DATASET SECTION →
━━━━━━━━

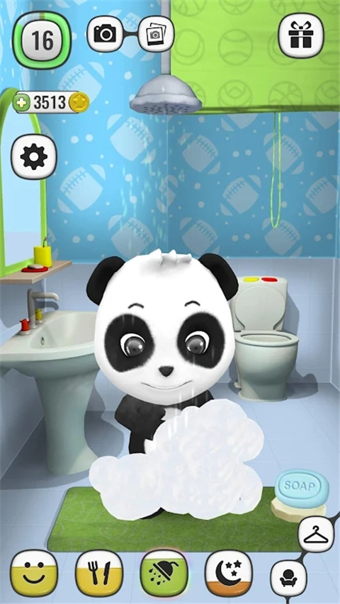 如果你看到他很脏,你必须洗澡他。洗澡环节设计了丰富的互动细节,包括打泡泡、冲水等步骤,熊猫会有不同的反应。
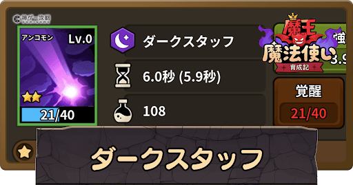 魔王魔法使い育成記の「ダークスタッフ」を解説。ダークスタッフの性能や入手方法、コレクション効果についても掲載しています。
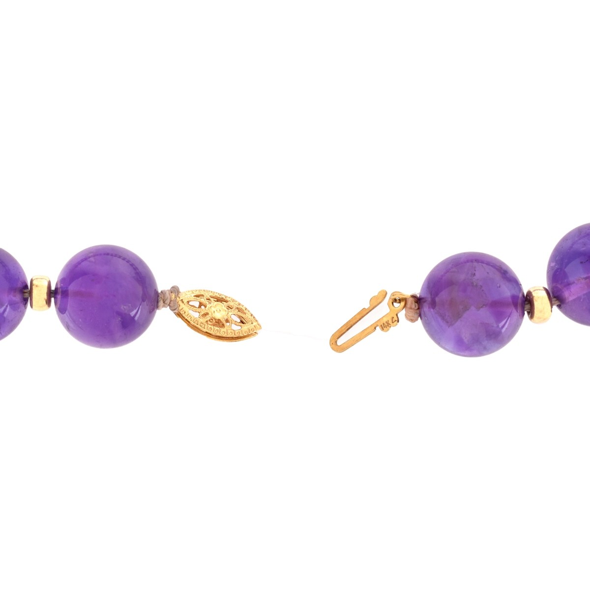 Vintage Amethyst Bead and 14 Karat Yellow Gold Necklace. Clasp stamped 14K. Beads measure 12mm. Approx. weight: 77.36 grams. Condition: Very good vintage condition. Estimate: $100.00 - $300.00 Domestic Shipping: $30.00

━━━━━━━━

YOUR ASSIGNMENT →
Find the line containing "魔王魔法使い育成記の「ダーク" in the listing above. Please restate word for word that line through the last one, leaving out the pictures.

TASK SOLUTION →
 魔王魔法使い育成記の「ダークスタッフ」を解説。ダークスタッフの性能や入手方法、コレクション効果についても掲載しています。
 Vintage Amethyst Bead and 14 Karat Yellow Gold Necklace. Clasp stamped 14K. Beads measure 12mm. Approx. weight: 77.36 grams. Condition: Very good vintage condition. Estimate: $100.00 - $300.00 Domestic Shipping: $30.00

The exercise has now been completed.